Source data
--
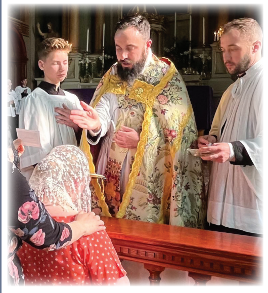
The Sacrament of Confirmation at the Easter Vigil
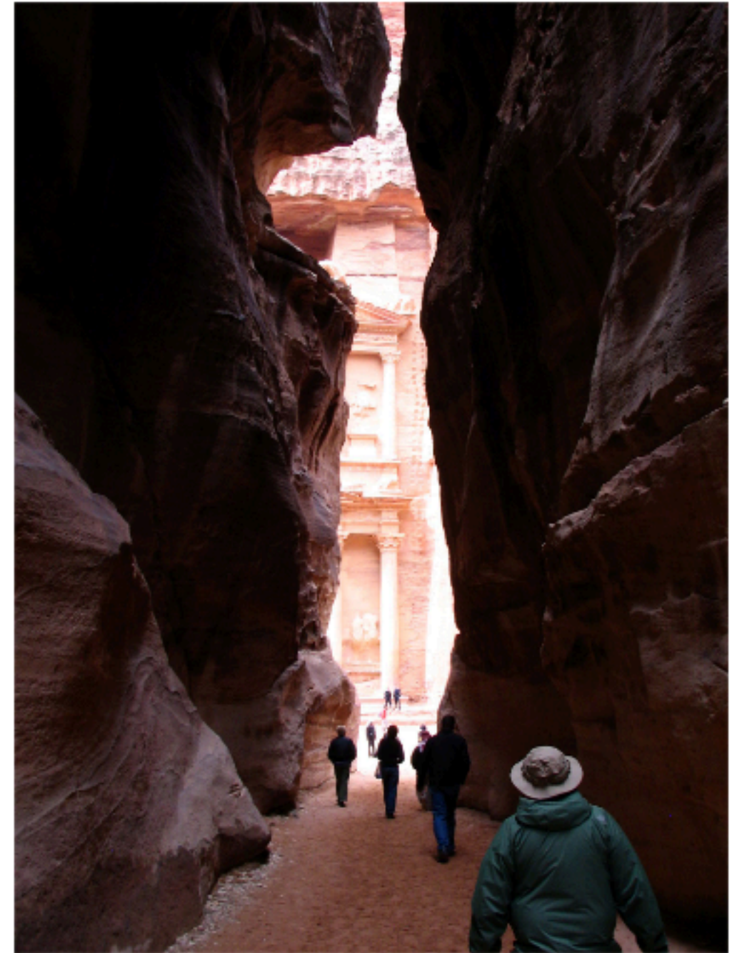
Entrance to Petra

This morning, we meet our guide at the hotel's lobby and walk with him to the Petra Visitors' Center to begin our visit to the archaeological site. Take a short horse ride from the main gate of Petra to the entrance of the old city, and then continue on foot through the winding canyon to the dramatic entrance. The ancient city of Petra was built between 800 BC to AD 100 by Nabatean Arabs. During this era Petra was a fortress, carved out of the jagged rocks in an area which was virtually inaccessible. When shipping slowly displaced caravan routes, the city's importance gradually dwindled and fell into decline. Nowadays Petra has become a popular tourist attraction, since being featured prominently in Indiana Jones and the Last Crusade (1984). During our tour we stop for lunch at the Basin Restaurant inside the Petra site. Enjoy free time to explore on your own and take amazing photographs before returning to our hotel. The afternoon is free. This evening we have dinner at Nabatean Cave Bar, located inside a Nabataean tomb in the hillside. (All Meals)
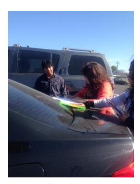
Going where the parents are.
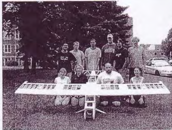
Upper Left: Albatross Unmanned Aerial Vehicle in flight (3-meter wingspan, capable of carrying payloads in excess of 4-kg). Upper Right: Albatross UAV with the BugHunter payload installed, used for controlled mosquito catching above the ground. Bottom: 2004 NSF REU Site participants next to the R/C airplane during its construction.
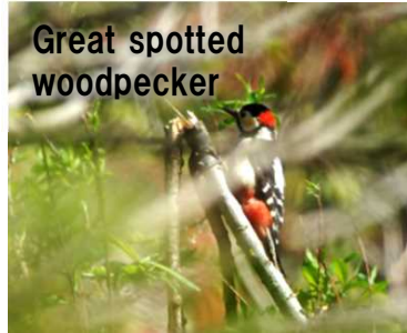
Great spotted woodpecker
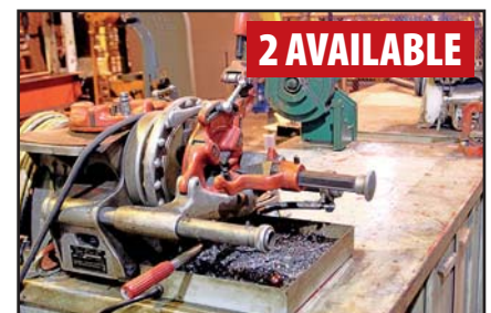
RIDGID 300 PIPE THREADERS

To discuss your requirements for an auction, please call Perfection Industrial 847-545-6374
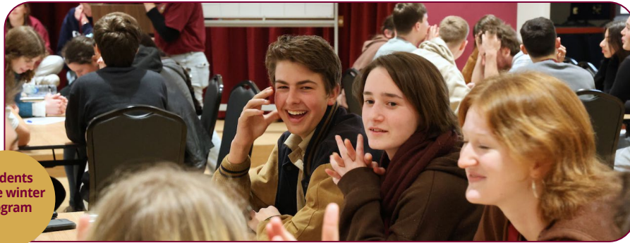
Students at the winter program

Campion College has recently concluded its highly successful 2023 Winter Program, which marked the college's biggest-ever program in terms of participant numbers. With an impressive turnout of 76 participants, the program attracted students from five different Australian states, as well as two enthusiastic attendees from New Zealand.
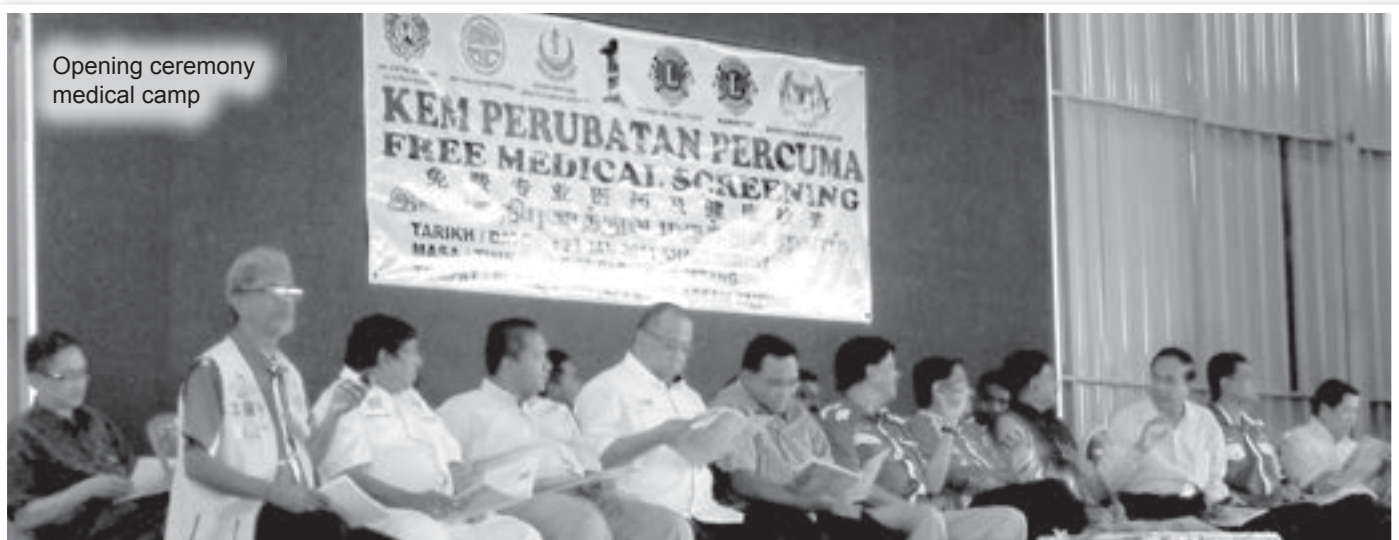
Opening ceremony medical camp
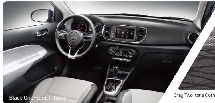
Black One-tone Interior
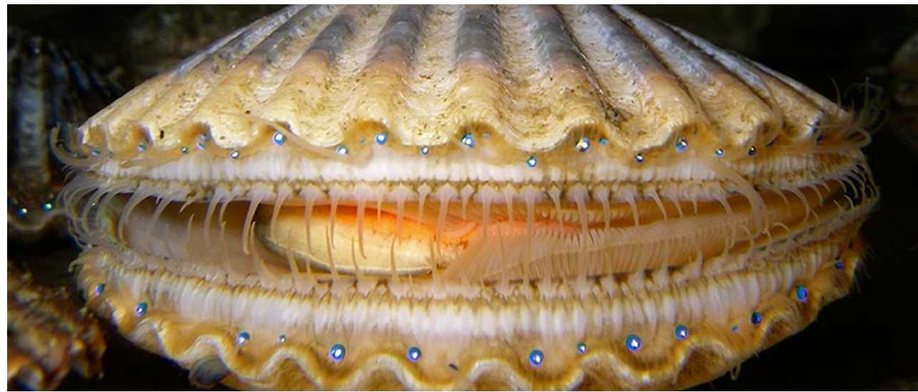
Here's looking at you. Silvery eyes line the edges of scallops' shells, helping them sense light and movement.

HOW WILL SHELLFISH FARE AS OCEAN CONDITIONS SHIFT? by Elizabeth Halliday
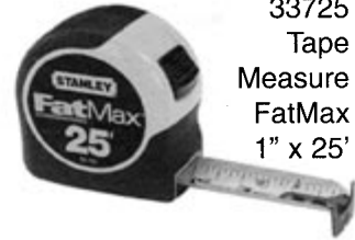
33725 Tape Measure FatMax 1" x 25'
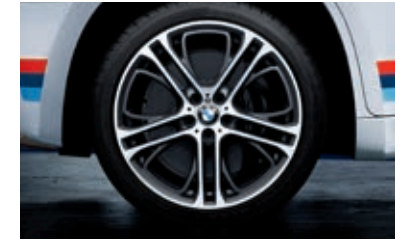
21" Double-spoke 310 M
--
## PROBLEM DETAILS
Wherever the string "participants" appears in a line of the records, copy that line.

## RESPONSE BOX
Upper Left: Albatross Unmanned Aerial Vehicle in flight (3-meter wingspan, capable of carrying payloads in excess of 4-kg). Upper Right: Albatross UAV with the BugHunter payload installed, used for controlled mosquito catching above the ground. Bottom: 2004 NSF REU Site participants next to the R/C airplane during its construction.
Campion College has recently concluded its highly successful 2023 Winter Program, which marked the college's biggest-ever program in terms of participant numbers. With an impressive turnout of 76 participants, the program attracted students from five different Australian states, as well as two enthusiastic attendees from New Zealand.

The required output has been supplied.